Common Mistakes to Avoid
Using Windows Explorer's built-in ZIP compression: It has no password option at all. Many users think their ZIP is encrypted when they put it in a password-protected folder; the ZIP itself is not protected. Always use a third-party tool.
Picking the default encryption method: 7-Zip defaults to ZipCrypto when creating .zip files. You must manually change the dropdown to AES-256. This single click is the difference between unbreakable and crackable-in-minutes.
Using a short password: An 8-character password with AES-256 can still be cracked through brute force given enough time. Use 12+ characters minimum, and ideally 16+ for genuinely sensitive content.
Storing the password in the same email as the ZIP: Defeats the purpose. Send the file through one channel, the password through a different one.
Forgetting that file names leak in ZIP format: Encrypted ZIP files reveal the names of files inside even without the password. For genuine privacy, use the .7z format with "Encrypt file names" enabled.
Frequently Asked Questions
What is the strongest free way to password protect a ZIP file?
7-Zip with AES-256 encryption in the .7z format. It protects both file contents and file names, uses modern encryption, and is open-source.
Is default ZIP password protection secure?
No. The default ZipCrypto encryption is mathematically broken and can be cracked in minutes on a modern computer. Always select AES-256 instead.
Can I password protect a ZIP file on Mac without installing software?
Yes — use Terminal: zip -e archive.zip file1.txt. But this uses weak ZipCrypto. For real protection on Mac, install Keka or PeaZip and use AES-256.
What happens if I forget the password?
With AES-256, the archive is unrecoverable. There is no recovery service, no backdoor, no support. Always save passwords in a password manager before encrypting.
Should I use ZIP or 7z format for encryption?
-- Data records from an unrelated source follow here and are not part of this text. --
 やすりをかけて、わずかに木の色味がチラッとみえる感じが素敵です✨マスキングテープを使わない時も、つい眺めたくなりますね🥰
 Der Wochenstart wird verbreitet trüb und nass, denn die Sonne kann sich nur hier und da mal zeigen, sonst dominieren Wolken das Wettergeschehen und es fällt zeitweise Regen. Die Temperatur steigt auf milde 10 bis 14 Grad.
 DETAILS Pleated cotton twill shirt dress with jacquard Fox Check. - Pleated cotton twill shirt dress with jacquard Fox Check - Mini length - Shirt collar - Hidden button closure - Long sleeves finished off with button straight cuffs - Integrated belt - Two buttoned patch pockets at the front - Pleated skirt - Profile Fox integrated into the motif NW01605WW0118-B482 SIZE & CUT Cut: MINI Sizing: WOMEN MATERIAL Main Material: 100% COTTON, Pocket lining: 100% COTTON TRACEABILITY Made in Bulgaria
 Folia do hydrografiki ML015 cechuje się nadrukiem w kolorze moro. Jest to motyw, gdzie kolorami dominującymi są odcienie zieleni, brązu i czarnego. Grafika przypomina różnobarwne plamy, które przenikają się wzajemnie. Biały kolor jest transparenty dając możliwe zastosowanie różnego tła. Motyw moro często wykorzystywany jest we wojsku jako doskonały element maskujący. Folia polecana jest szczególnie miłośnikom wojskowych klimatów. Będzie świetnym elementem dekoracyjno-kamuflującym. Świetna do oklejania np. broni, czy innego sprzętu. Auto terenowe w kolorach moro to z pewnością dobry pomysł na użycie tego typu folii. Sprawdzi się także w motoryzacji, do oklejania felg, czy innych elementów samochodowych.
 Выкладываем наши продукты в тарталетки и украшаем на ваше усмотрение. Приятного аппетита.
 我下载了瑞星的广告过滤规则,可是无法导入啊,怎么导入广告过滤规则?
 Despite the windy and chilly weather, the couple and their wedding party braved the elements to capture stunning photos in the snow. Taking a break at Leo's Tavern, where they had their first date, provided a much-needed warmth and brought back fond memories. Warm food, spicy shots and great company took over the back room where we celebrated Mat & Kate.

Use 7z if your recipient has a 7z-capable tool. 7z encrypts file names too, while encrypted ZIPs leak the file list. Use ZIP only when maximum compatibility is required.
The Verdict
For most users, the answer is simple: install 7-Zip, create archives with .7z format and AES-256, and enable "Encrypt file names" for genuinely sensitive content. The whole workflow takes three minutes and gives you the same encryption strength used by banks. The only ongoing discipline needed is saving the password in a password manager before you create the archive.
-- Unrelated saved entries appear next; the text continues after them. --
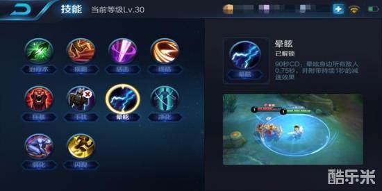 解析:晕眩效果是眩晕身边所有敌人0.75秒,并减速1秒。这个效果十分适合项羽,项羽开团一般是一技能入团抗伤害,带该技能,可以在一技能命中后接眩晕再接大招,连续团体控制敌人,为队友创造输出环境。这一招在配合打野抓人时,也是十分好用的。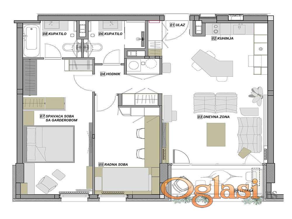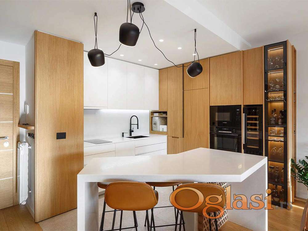 Enterijer je opremljen nameštajem vrhunskog kvaliteta domaćih brendova, uz autorske elemente rađene po meri, koji prostoru daju poseban identitet i toplinu.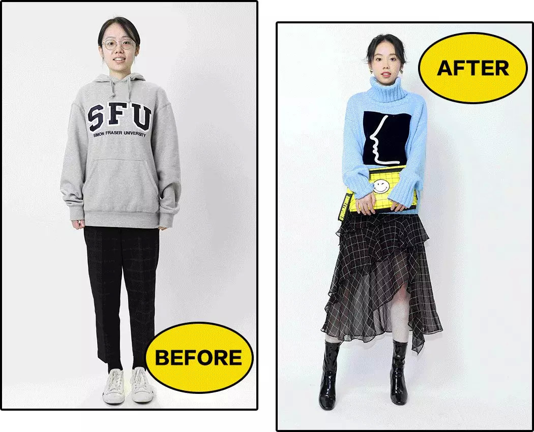 YY是个大四的社会学学生。自己喜欢穿比较符合学生身份的休闲服,这次呢最主要想突破一下自己平时不敢尝试的风格。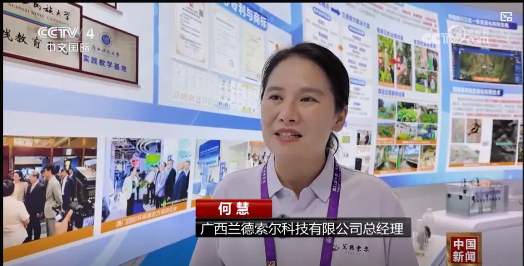 在绿色低碳展区,农工党柳州市河南支部副主委、广西兰德索尔科技有限公司总经理何慧带来的分散式农村污水一体化处理及资源化利用智能处理系统,养殖粪污三位一体资源化利用系统,固体废弃物资源化利用技术等新技术、新产品成为展会焦点,其本人接受中央4台(中文国际)《中国新闻》采访。据了解,何慧参展的主题为“科技赋能生态 智慧守护家国”,精准对接本届绿色低碳展的“数智赋能绿色发展 共筑中国—东盟低碳未来”主题。

For background on archive formats, see our ZIP vs 7z vs RAR comparison and our full 7-Zip review. For an external reference, the official 7z format documentation covers the technical details of how AES-256 is applied.
Next step: install 7-Zip from the official site, create a test archive with a real password, and verify the encryption by trying to open it. Once the workflow is familiar, applying it to actual sensitive files takes 30 seconds.